ChatGPT With Plugins: An Ecosystem Under Construction
Actualizado: 2026-05-03
In March 2023 OpenAI opened the ChatGPT plugins beta with an ambitious promise: turn the chat into a platform where ChatGPT could talk to external services — banks, hotels, data APIs, internal tools — the same way it talks to the user. Three months later, the ecosystem has around 500 plugins available and a clear pattern of which use cases work and which don’t.
Key takeaways
- A plugin is an OpenAPI spec plus a manifest that describes to the model when to invoke it.
- Works well for live data lookup, low-risk actions, and internal data exposure via OpenAPI.
- Main friction points are multi-plugin orchestration, real-money transactions, and cumulative latency.
- Function calling is the more powerful alternative for developers building their own experiences.
- The ecosystem converges toward enterprise vertical plugins and, longer term, toward multi-step agents.
What a plugin does
A plugin is, in essence, an OpenAPI specification plus a manifest that describes to the model when to invoke it.
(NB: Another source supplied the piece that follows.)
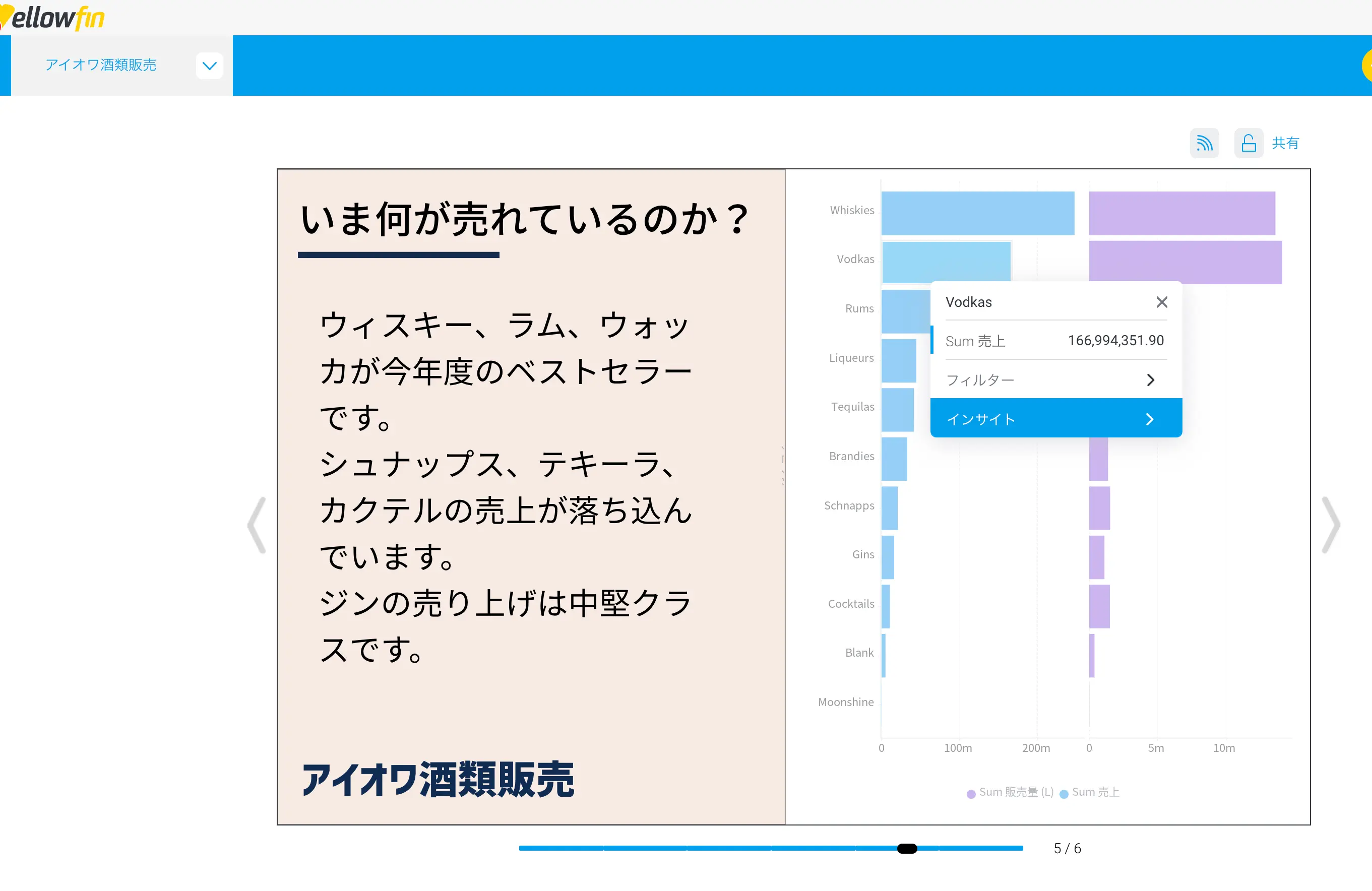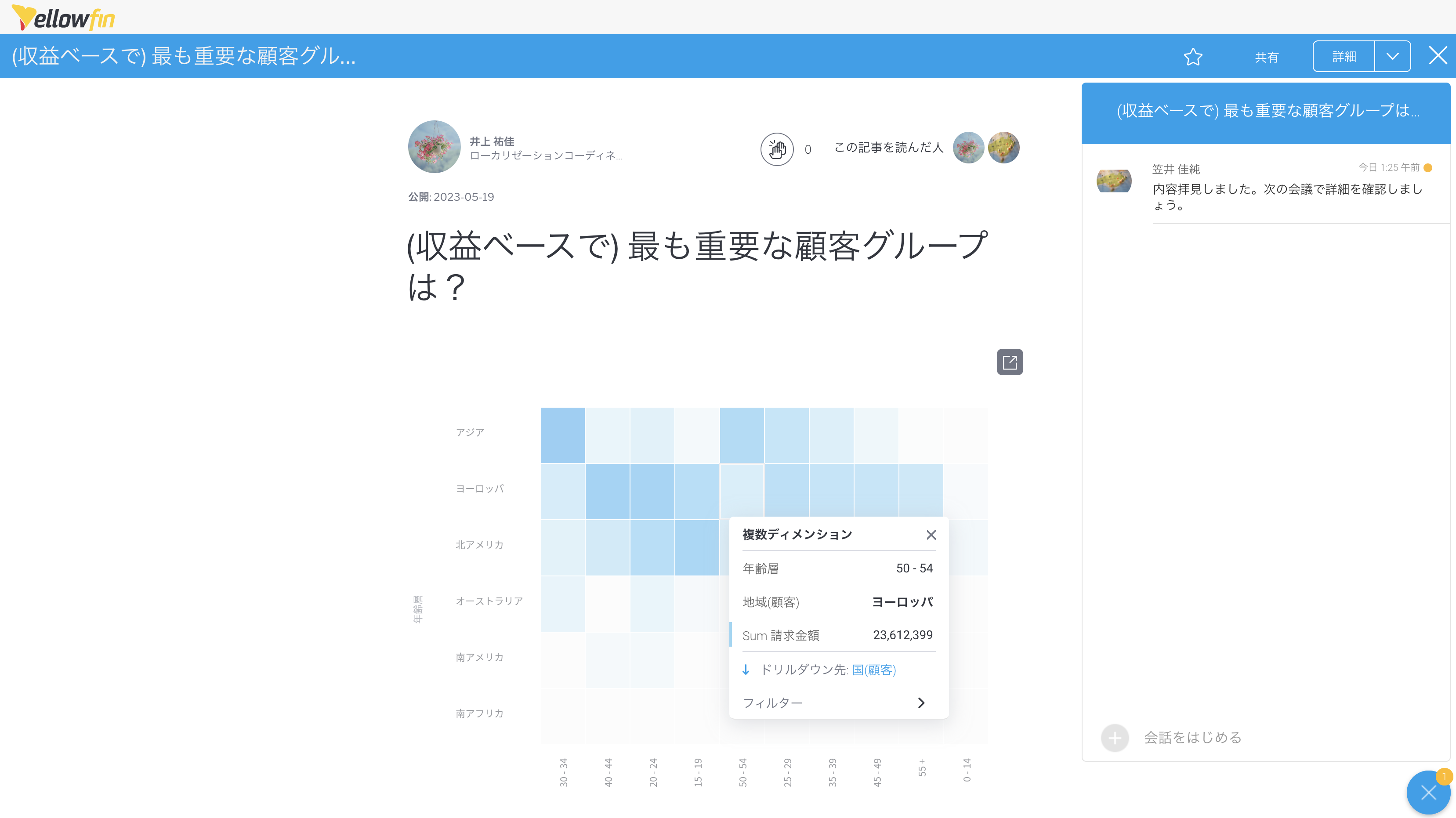Yellowfinのデータストーリーテリング機能であるストーリーやプレゼントのおかげで、これらはYellowfinの「スイートスポット」になっています。ストーリーはデータ中心のブログ、プレゼントはPowerPoiontのスライドに似ていますが、どちらもインタラクティブなレポートやグラフを含めることができます。ストーリーはブログのようなコメント機能を備えており、例えばキャンペーンのアイデアについて議論するために使用することができます。

ChatGPT reads both, and when the user asks a relevant question, the model decides to call the plugin with the right parameters, interprets the response, and integrates it into the conversation.
The typical flow follows five steps:
- User installs the plugin from the ChatGPT store.
- Asks a question: “What’s the best time to fly from Madrid to Rome on July 15?”
- ChatGPT decides the Kayak[1] plugin is relevant and invokes it.
- The plugin returns structured data (flights, prices, schedules).
- ChatGPT presents them to the user in natural language.
Key concept: the model doesn’t learn the plugin — it decides to invoke it case by case, based on the manifest description and conversation context. It’s the same logic as mature prompt engineering: the model acts on precise instructions, not implicit knowledge.
What works well
Three scenarios where plugins shine:
- Live data lookup. Plugins like WolframAlpha[2], Kayak, OpenTable[3], or Instacart[4] address a real ChatGPT limitation: access to dynamic or specific information the training doesn’t cover. Finding an available restaurant tonight in a particular city is a textbook case.
- Low-transaction-risk actions. Generating a document with the Zapier[5] plugin, creating a diagram, summarising a PDF: tasks where an error is easy to detect and doesn’t cost money.
- Internal data exposure. Companies that already publish OpenAPI can build private plugins (inside an Enterprise plan) so their team interacts with corporate data in natural language.

Where friction appears
Four areas where plugins don’t deliver on the initial promise:
- Orchestrating multiple plugins in a flow. ChatGPT allows up to 3 active plugins at once, but choosing well between them is fragile. When asking “find a flight and book a restaurant at the destination”, the model often stalls or invokes the wrong plugin.
- Real-money transactions. Commercial plugins are cautious: Kayak searches flights but redirects to its website for payment; Instacart builds the basket but you close the purchase. The friction of leaving the chat to pay reduces perceived value.
- Cumulative latency. Each plugin adds 2-5 seconds to response time. Conversations with two or three invocations go from instant to noticeably slow.
- Discovery. The plugin store is a very long list without reliable rankings. Finding the right plugin for a specific case is manual work.
Plugins vs. function calling
In June 2023 OpenAI introduced function calling[6] in their public API — a more granular capability for developers to define functions the model can invoke, without going through the store. Both coexist with different roles:
- Plugins: end-consumer experience in ChatGPT. They must pass an OpenAI review and target non-technical use. Users install them from the store.
- Function calling: direct API for developers building their own experiences. No store, no gatekeeper, no predefined UX.
For a team integrating AI into their product, function calling is almost always the better primitive because it maintains control over UX and transactions. Plugins shine only when the goal is for ChatGPT itself to be the interface.
This architecture connects with generative AI applied to code assistants and with the ChatGPT 4 chatbot technology ecosystem: the conversational interface evolves toward deep integration with external systems.
Where the ecosystem is heading
Three reasonable trends:
- Consolidation. Of the 500+ plugins, those solving a clear and maintainable use case will survive. The long tail of low-use plugins will fade.
- Enterprise vertical plugins. The next successful plugins will be specific: ChatGPT inside tools like Notion[7] or Salesforce[8], with integrated business context.
- Convergence with agents. The distinction between “plugin” and “agent” tends to blur. The next systems will orchestrate multiple plugins in multi-step plans, not just answer a single question. This approaches the analysis of OpenAI’s Code Interpreter, where the model autonomously manages complex tools.
Conclusion
ChatGPT plugins are a valuable experiment in how a conversational assistant can open its behaviour to external services. Three months of real adoption show the potential — live data lookup, internal API exposure — and the limits — complex orchestration, real-money transactions. As an industrial standard for developers, the ball is with function calling; plugins are primarily a consumer product. The ecosystem that emerges from both paths will define the next generation of conversational interfaces.